Up at 3 600 meters (11 800 feet) above sea level, in between highland peaks with scarce vegetation, the grapes from Caracoles vineyard withstand extreme temperature fluctuations and harsh weather. Despite that, Cecilia Cruz, who has managed the vineyard for the last six years, says she is used to the desert’s rough conditions.
“For me it is not difficult because I’m raised on the land,” said Cruz, who is 67. “This is the future for my children also for later, when I am not here, for them. I am very proud.”
Indigenous Atacama people like Cruz have long grown other crops and used trial-and-error to figure out how to develop high-altitude wines. Cruz is one of 18 producers that form part of the Lickanantay Farmer Cooperative which makes the wine, called Allyu.
The group produces about 12 500 bottles of Allyu each year. The wine has won international awards and the vineyards are close to the tourist destination of San Pedro de Atacama.

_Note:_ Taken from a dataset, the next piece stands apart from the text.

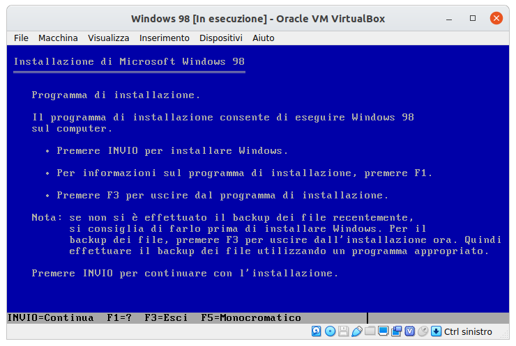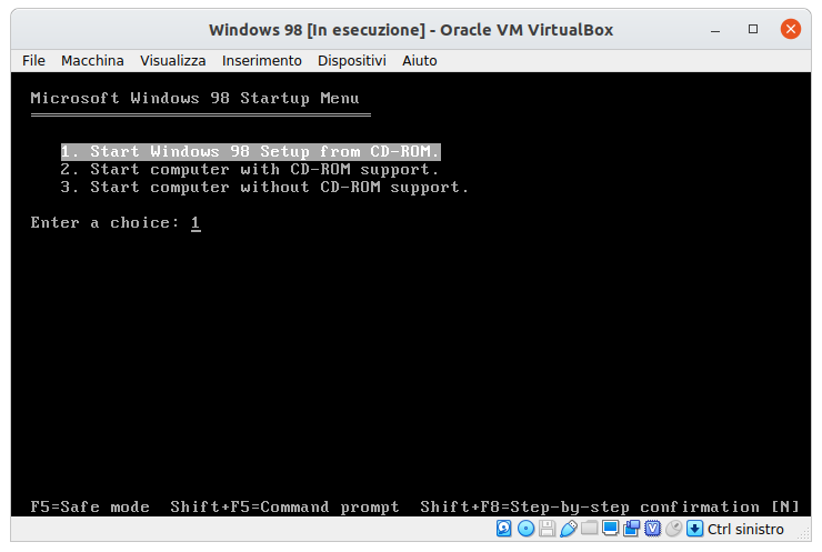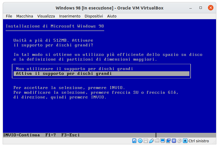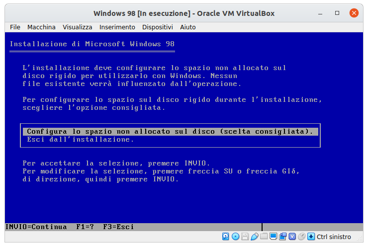 Fatto ciò, VirtualBox ci consiglierà la quantità di memoria RAM (64MB) e lo spazio su disco (2GB) da assegnare al sistema da emulare. Se abbiamo a disposizione un calcolatore performante, possiamo decidere di alzare la memoria RAM a 512MB, accettando i 2GB di disco rigido suggeriti che dovrà essere del tipo VDI (VirtualBox Disk Image) allocato dinamicamente. Fatto questo, clicchiamo su Avvia e, nella successiva finestra, selezioniamo il lettore host da cui installare Windows 98, che potrà essere o il disco originale, o un file .ISO . Una volta avviato il disco (fisico o virtuale), ci troveremo davanti alla schermata di installazione del sistema operativo (foto 1).

Despite their success, Cruz says there are difficulties with grape growth that she thinks could be solved by specialists visiting the vineyard. But according to Allyu’s oenologist, Fabian Munoz, other challenges, like intense sun, have become an asset by giving the wine a unique profile.
“We have 360 days of sun, ultraviolet radiation, we have very cold nights, this makes our red grapes generate a thicker skin,” Munoz said.
“Therefore, naturally from the place, we have red wines with a very good color, with very good tannin, a very versatile aroma that makes our wines very complex, have many aromas, have many flavors,” he added.